## To do
Transcribe the full listing below, word for word, without pictures.

## Information provided
━━━━━━━━━━━━━━━━
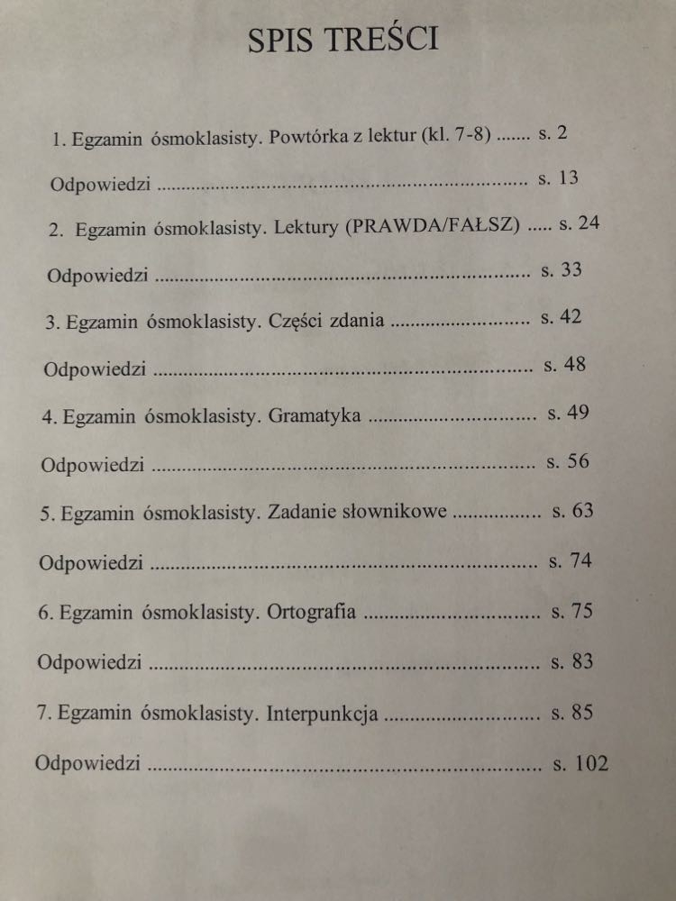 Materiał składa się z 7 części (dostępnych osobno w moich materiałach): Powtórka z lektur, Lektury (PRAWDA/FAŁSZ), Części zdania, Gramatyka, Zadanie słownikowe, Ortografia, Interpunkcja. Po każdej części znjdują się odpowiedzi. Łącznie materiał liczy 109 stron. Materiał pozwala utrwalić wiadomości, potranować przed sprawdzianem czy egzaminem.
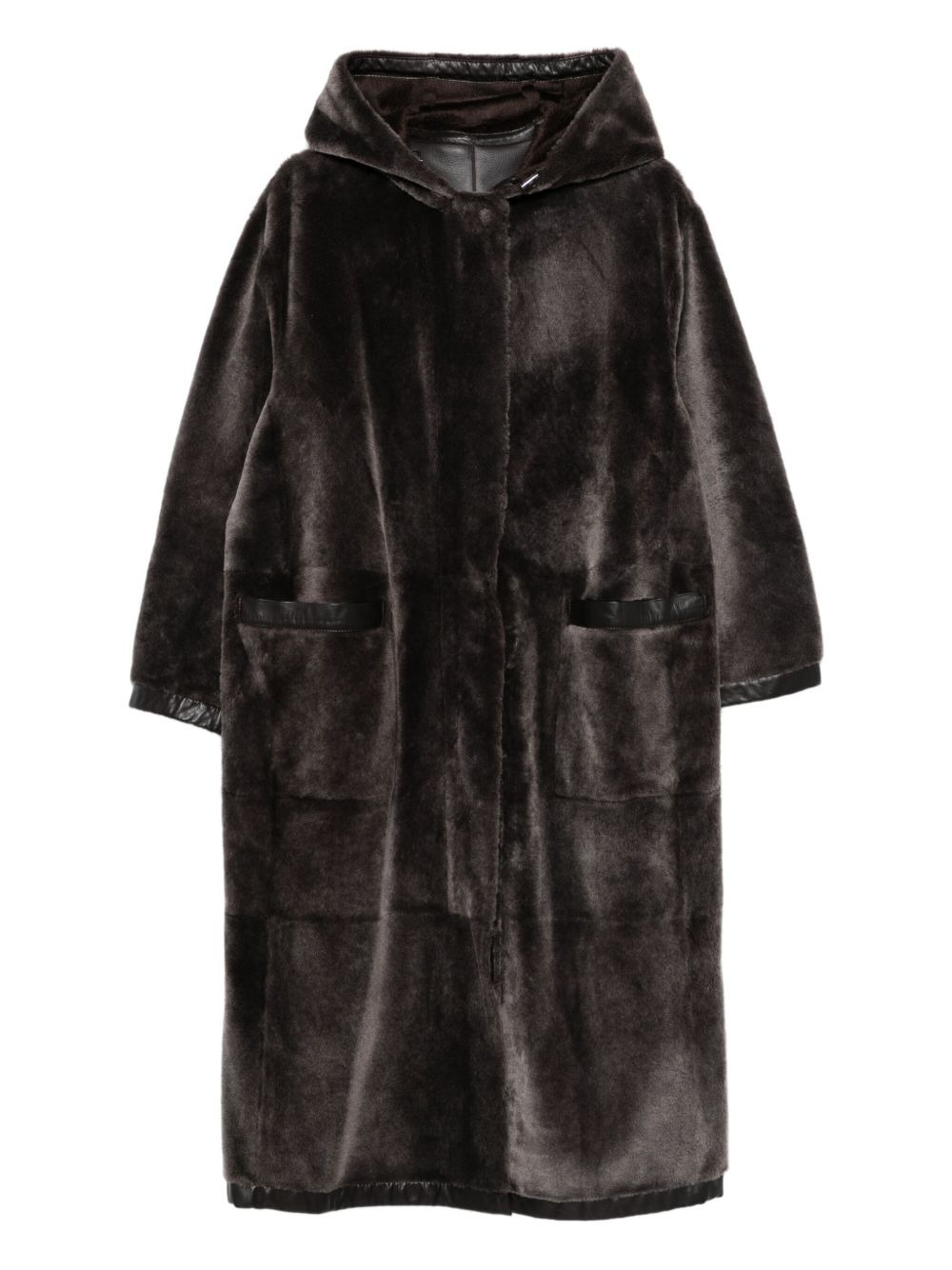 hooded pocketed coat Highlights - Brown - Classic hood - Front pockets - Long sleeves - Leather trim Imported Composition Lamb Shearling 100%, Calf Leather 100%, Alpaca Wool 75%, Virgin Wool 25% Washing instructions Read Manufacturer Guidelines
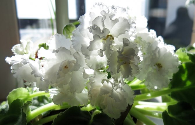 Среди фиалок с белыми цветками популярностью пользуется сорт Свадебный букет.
━━━━━━━━━━━━━━━━
## Response for this exercise
 Materiał składa się z 7 części (dostępnych osobno w moich materiałach): Powtórka z lektur, Lektury (PRAWDA/FAŁSZ), Części zdania, Gramatyka, Zadanie słownikowe, Ortografia, Interpunkcja. Po każdej części znjdują się odpowiedzi. Łącznie materiał liczy 109 stron. Materiał pozwala utrwalić wiadomości, potranować przed sprawdzianem czy egzaminem.
 hooded pocketed coat Highlights - Brown - Classic hood - Front pockets - Long sleeves - Leather trim Imported Composition Lamb Shearling 100%, Calf Leather 100%, Alpaca Wool 75%, Virgin Wool 25% Washing instructions Read Manufacturer Guidelines
 Среди фиалок с белыми цветками популярностью пользуется сорт Свадебный букет.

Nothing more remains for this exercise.